Khazzy said he has let five of his 13 staff go and has no idea how long he can stay afloat financially even though his landlord has agreed to waive one month’s rent on the property in Qianmen, near Beijing’s Tiananmen Square.
More than half of the shops in Qianmen remain closed. The manager of a state-backed noodle restaurant said most of the closed stores are privately owned small businesses that can’t secure enough business to support their daily operations.
She said revenues at the noodle restaurant have plunged more than 80%, but staff salaries have not been cut.
Zhang, the cafe owner in Wudaoying, reckoned small businesses could hold on for the next three months.
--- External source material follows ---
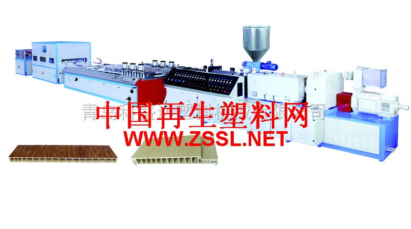 PVC窗台板的生产线,窗台板挤出生产线,木塑窗台板设备特点:是我公司吸收国外先进技术专业研制、设计、生产PVC窗台板的生产线,其生产工艺为:混料-双螺杆挤出-模具-真空定型-冷却-校正-牵引-切割-卸料-覆膜。 此窗台板生产线生产稳定性强,产量高,寿命长,产品表面光洁度平整光滑,产品尺寸精度高。 主要电器件采用进口配件,该设备生产的制品宽度为:500-1000mm,厚度:20-40mm,覆膜后美观大方,是一种非常理想的装修材料。

“But after that, I just don’t know,” she said.
Source: Reuters
Posted in 13, 14-day quarantine, 20, afternoon, agreed, almost, appointment, April, area, authorities, bad, bars, Beijing, Beijing's, Beijing’s, built around, Business, bustling, cafe, cafes, Capital city, cat, China’s, closed, contain, coronavirus, customers, delivery service, destination, doctoral student, elderly, empty, enter, financially, five, Forbidden City, giant, hanging around, highest level, hot-spots, Khazzy, landlord, lazily, Lonely Planet, maintained, Manufacturing, mention, months, narrow lane, national holiday, new arrivals, new infections, Non-residents, noodle restaurant, on-demand, one, operation, ourism agencies, outbreak, Owners, People, permitted, plummeted, present, proof, Property, provide, Qianmen, Qingming, rent, residents, restaurants, resumed, Retail, rooftop, running, runs, sandwich, sectors, shadow, showed, small business, small businesses, souvenir shops, spots, spread, spring, staff, starting, stay afloat, stifled, struggle, struggling, Sunshine, supposed, take-away services, three-day, Tiananmen Square, top, Tourism, tourism-related, tourist, tourist attractions, travel, Uncategorized, waive, Wudaoying, Wudaoying hutong, years |
Leave a Comment »
06/04/2020
SHENYANG, April 5 (Xinhua) — Huo Chunlei, who runs a hotpot restaurant in Shenyang, capital of northeast China’s Liaoning Province, said he did not lay off any of his staff, although the restaurant is having difficulties for reopening after two months of closure in China’s nationwide measures of coronavirus control.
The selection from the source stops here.